Print all entries below exactly, without images.
[RECORDS FOR THIS TASK]
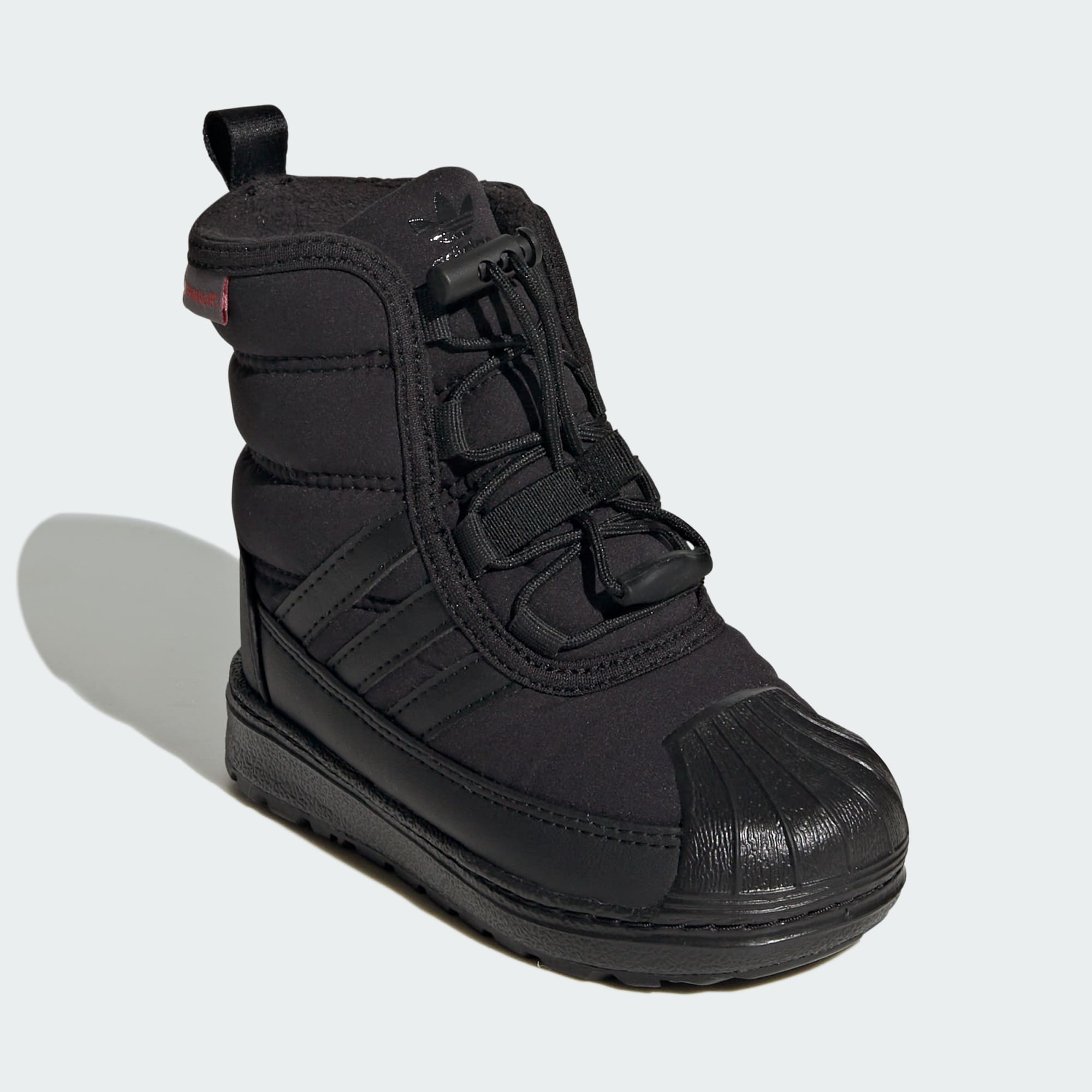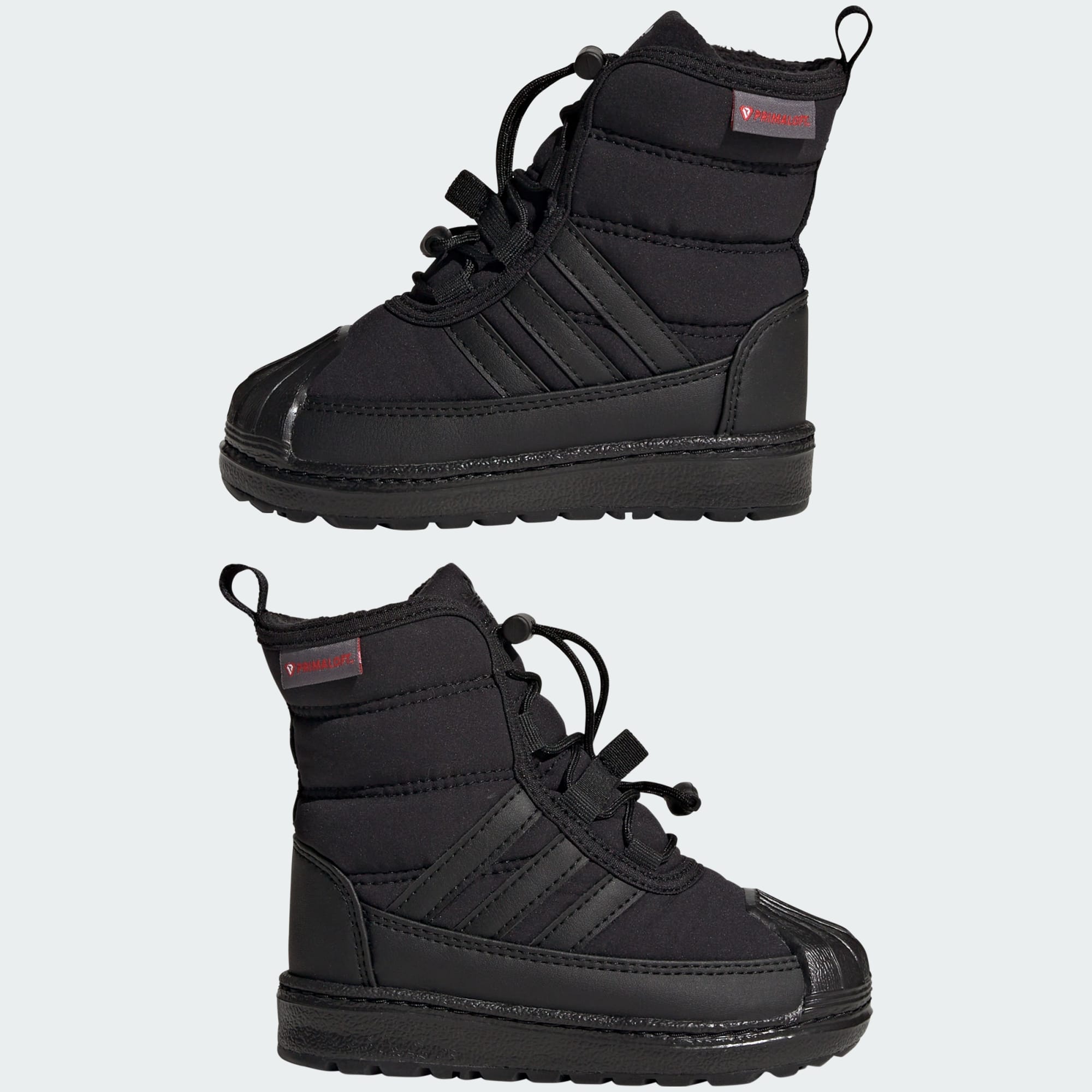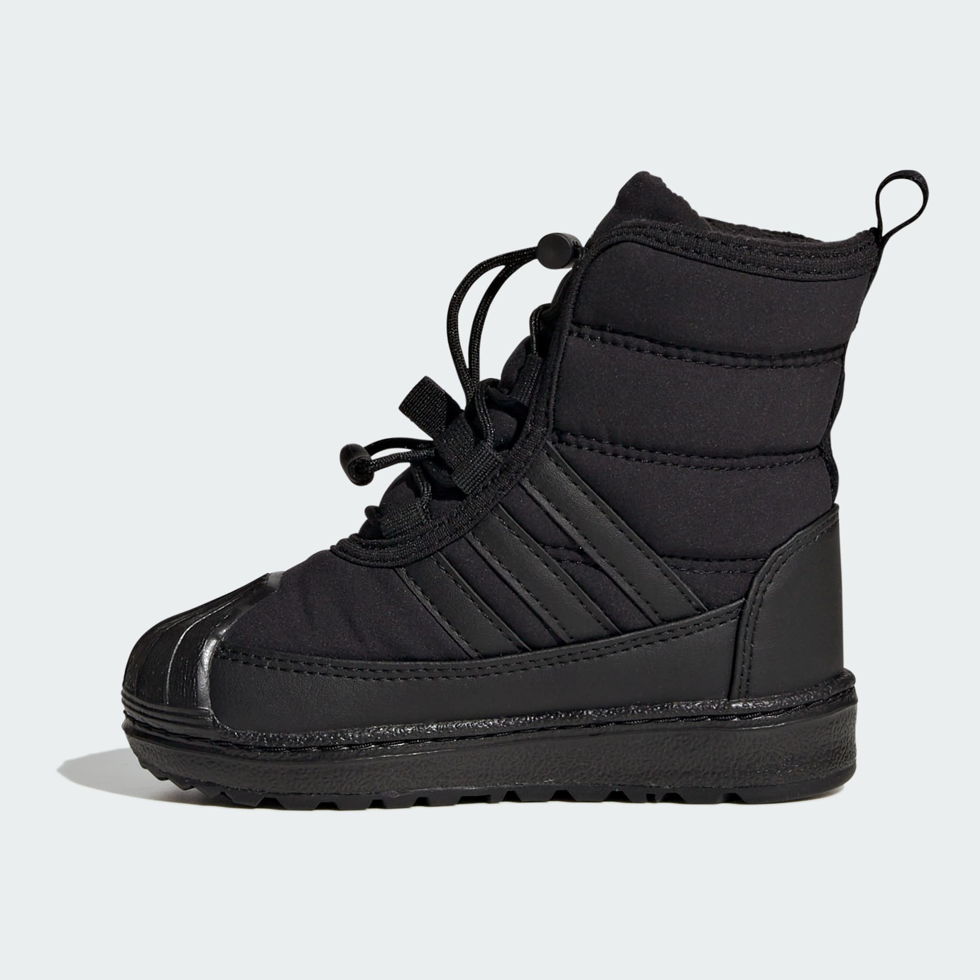 Klasické tenisky adidas Superstar sme uložili na zimný spánok a táto detská zimná obuv sa postavila na ich miesto. Vyznačuje sa hrejivou izoláciou PrimaLoft®, ktorá udržiava chodidlá v teple aj vo vlhkých podmienkach, a ak vonku začne primŕzať, nechýba jej ani gumená podrážka zabezpečujúca pevnú zem pod nohami. Tvoje dieťatko bude v teple a bezpečí. To znamená viac zábavy pre každého. Zvršok tohto produktu obsahuje minimálne 50 % recyklovaných materiálov. Predstavuje jedno z našich riešení, ktoré pomáhajú eliminovať plastový odpad.
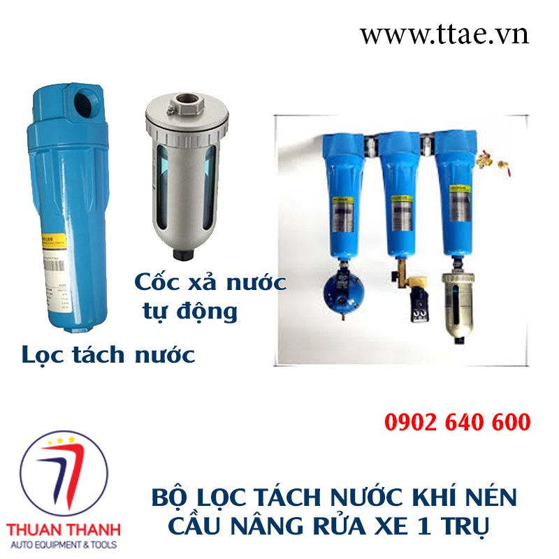 Cụm lọc tách nước xả tự động cần thiết cho mọi cầu nâng rửa xe ô tô, chất lượng cầu nâng và dầu nhớt bên trong cầu nâng 1 trụ.
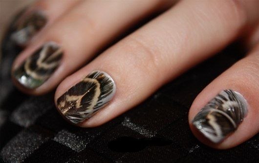 Очень интересный маникюр с перьями, мне понравился! Вот только где эти перья брать? Подушка может в расход пойти?!
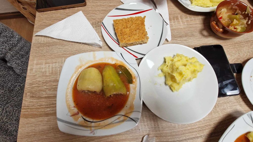 Pripravile smo slastne polnjene paprike z mletim mesom in pire krompir. Paprike je z veseljem prinesla kuharica Ana, za sladico pa nas je razveselila Rozalija s čudovitim pecivom iz jabolk, ki jih je naša kuharica Marija z veseljem prinesla.
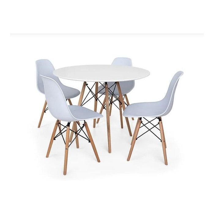 Conjunto de Mesa Eames Eiffel Redonda 120cm Branco + 4 Cadeiras Brancas branco
[/RECORDS FOR THIS TASK]
▶ TASK SOLUTION
 Klasické tenisky adidas Superstar sme uložili na zimný spánok a táto detská zimná obuv sa postavila na ich miesto. Vyznačuje sa hrejivou izoláciou PrimaLoft®, ktorá udržiava chodidlá v teple aj vo vlhkých podmienkach, a ak vonku začne primŕzať, nechýba jej ani gumená podrážka zabezpečujúca pevnú zem pod nohami. Tvoje dieťatko bude v teple a bezpečí. To znamená viac zábavy pre každého. Zvršok tohto produktu obsahuje minimálne 50 % recyklovaných materiálov. Predstavuje jedno z našich riešení, ktoré pomáhajú eliminovať plastový odpad.
 Cụm lọc tách nước xả tự động cần thiết cho mọi cầu nâng rửa xe ô tô, chất lượng cầu nâng và dầu nhớt bên trong cầu nâng 1 trụ.
 Очень интересный маникюр с перьями, мне понравился! Вот только где эти перья брать? Подушка может в расход пойти?!
 Pripravile smo slastne polnjene paprike z mletim mesom in pire krompir. Paprike je z veseljem prinesla kuharica Ana, za sladico pa nas je razveselila Rozalija s čudovitim pecivom iz jabolk, ki jih je naša kuharica Marija z veseljem prinesla.
 Conjunto de Mesa Eames Eiffel Redonda 120cm Branco + 4 Cadeiras Brancas branco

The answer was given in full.